What is required -
Write the listing out again word for word, skipping each picture.

Supplied information -
[Start of section]

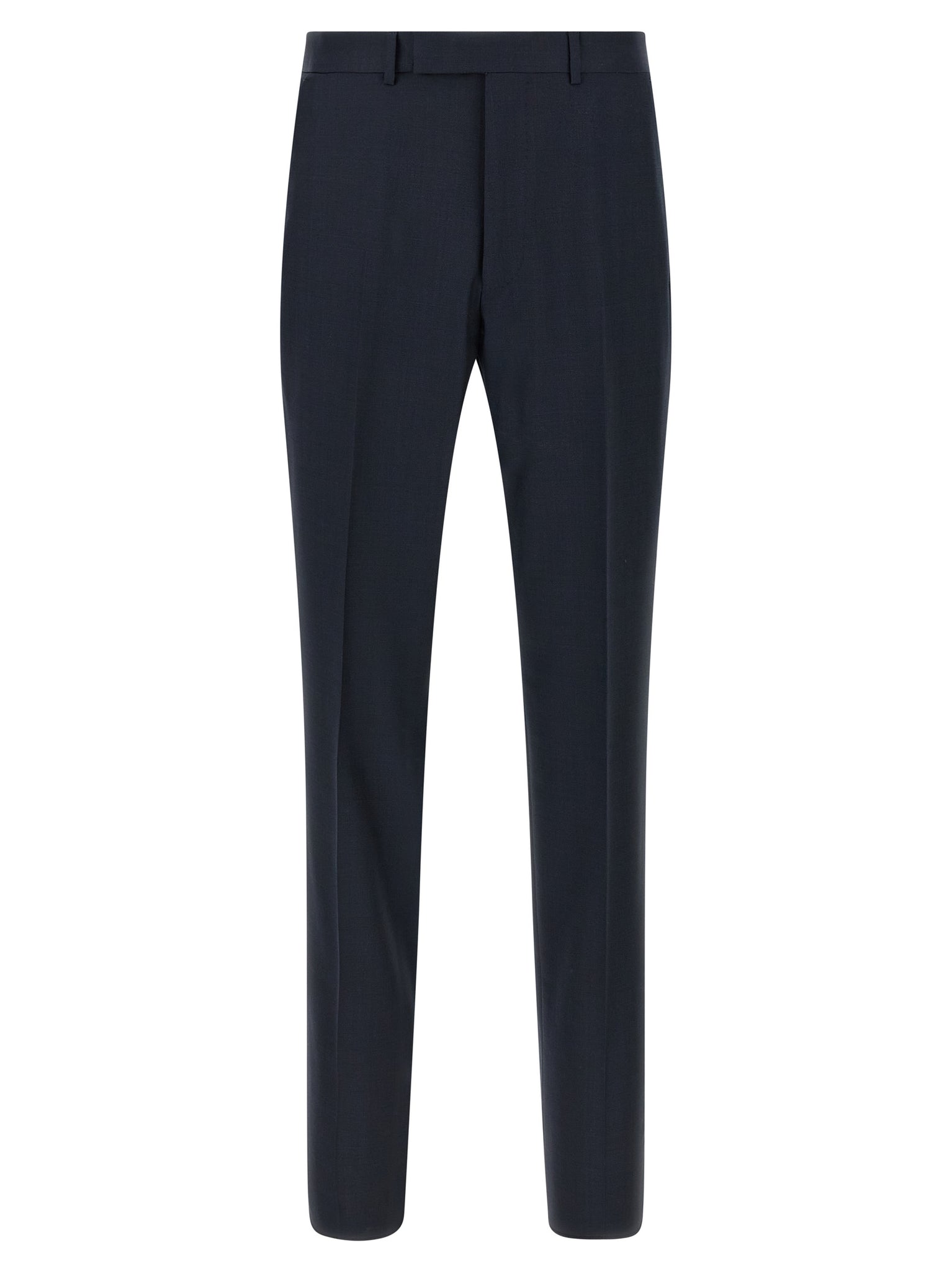 Wool dress consisting of single-breasted blazer with button closure, Mirror lapels, Chest pocket, Flap pockets, Viscose lining, Three inner pockets, Structured shoulder strap, Cuffs with opening buttonholes, Back slits and trousers with pressed pleat, Front 'americane' pockets, Back welt pockets, Front hook and button zip closure, Viscose lining. Size and Fit - True to size fit DROP 7
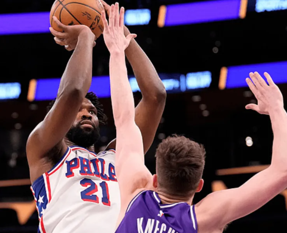 第三节比赛,恩比德单节5中4得到10分,前三节15中11砍下30分7篮板6助攻;里夫斯单节3中3同样砍下8分。
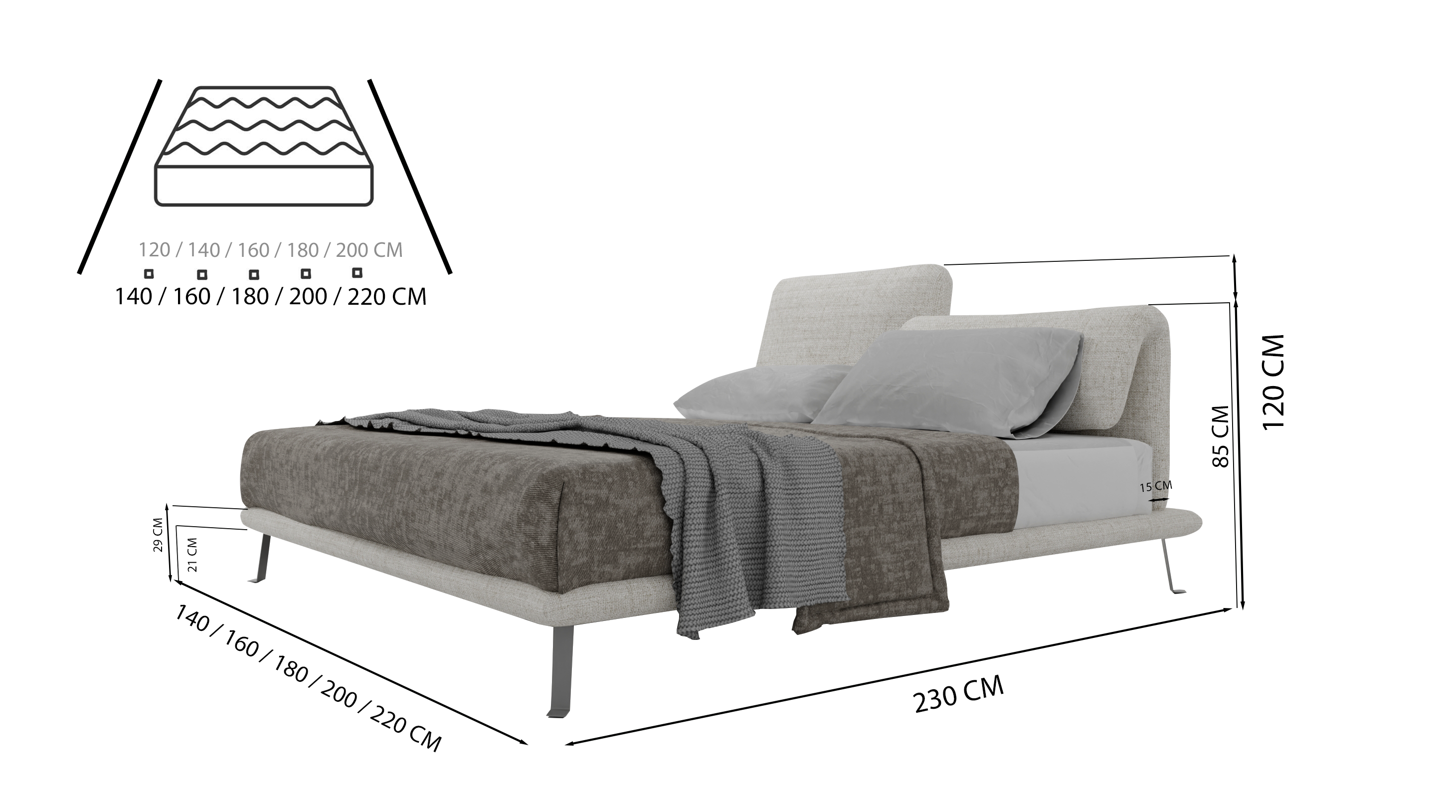 • 220 cm (materac 200 cm)
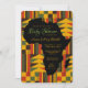 Esta invitación para baby shower de tribu africana presenta elementos tribales en falso oro, centro con forma de África y colores de fondo cambiables. Puedes personalizar esta invitación inspirada en África para que se ajuste a cualquier esquema de color que combine bien con los elementos dorados.
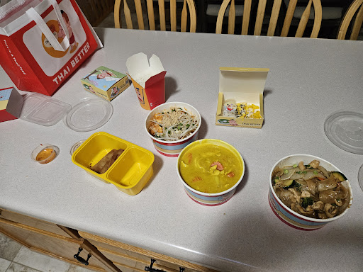 Read moreWe decided to do a progressive dinner for date night tonight and one stop was Thai Better. The four of us shared a Tom Yum and a Drunken Noodles and each couple shared a mini mango sticky rice. The Tom Yum was really good for a tomato-based soup. I don’t love tomato soups. 🤷🏼♀️ But with the rice it worked and had great flavor. The Drunken Noodles tasted a little bland in comparison but I like noodles so I enjoyed my share. The veggies were yum. The highlight of the visit was the mango sticky rice. We were all surprised when it came out because the rice was warm. The sauce was delicious and the mangoes added a little bit more flavor. It reminded me of a peach pie. I’d go back for that alone but we’re excited to try to Tom Kha (coconut version of the tomato soup) and massaman curry. The decor is interesting - a strange little baby-ish cartoon character in all the pictures. But the plastic forks and to go bags were all branded in such a cute way that I overlooked the baby. We figure it must be a chain somewhere else. It’s a little on the spendy side @ $12 per plate but that seems to be just the way of things here in SLC. All in all I’d recommend this place for a fast casual Thai food place. And if you go tomorrow remember to wish the friendly lady cashier a happy...

[End of section]

Result -
 Wool dress consisting of single-breasted blazer with button closure, Mirror lapels, Chest pocket, Flap pockets, Viscose lining, Three inner pockets, Structured shoulder strap, Cuffs with opening buttonholes, Back slits and trousers with pressed pleat, Front 'americane' pockets, Back welt pockets, Front hook and button zip closure, Viscose lining. Size and Fit - True to size fit DROP 7
 第三节比赛,恩比德单节5中4得到10分,前三节15中11砍下30分7篮板6助攻;里夫斯单节3中3同样砍下8分。
 • 220 cm (materac 200 cm)
 Esta invitación para baby shower de tribu africana presenta elementos tribales en falso oro, centro con forma de África y colores de fondo cambiables. Puedes personalizar esta invitación inspirada en África para que se ajuste a cualquier esquema de color que combine bien con los elementos dorados.
 Read moreWe decided to do a progressive dinner for date night tonight and one stop was Thai Better. The four of us shared a Tom Yum and a Drunken Noodles and each couple shared a mini mango sticky rice. The Tom Yum was really good for a tomato-based soup. I don’t love tomato soups. 🤷🏼♀️ But with the rice it worked and had great flavor. The Drunken Noodles tasted a little bland in comparison but I like noodles so I enjoyed my share. The veggies were yum. The highlight of the visit was the mango sticky rice. We were all surprised when it came out because the rice was warm. The sauce was delicious and the mangoes added a little bit more flavor. It reminded me of a peach pie. I’d go back for that alone but we’re excited to try to Tom Kha (coconut version of the tomato soup) and massaman curry. The decor is interesting - a strange little baby-ish cartoon character in all the pictures. But the plastic forks and to go bags were all branded in such a cute way that I overlooked the baby. We figure it must be a chain somewhere else. It’s a little on the spendy side @ $12 per plate but that seems to be just the way of things here in SLC. All in all I’d recommend this place for a fast casual Thai food place. And if you go tomorrow remember to wish the friendly lady cashier a happy...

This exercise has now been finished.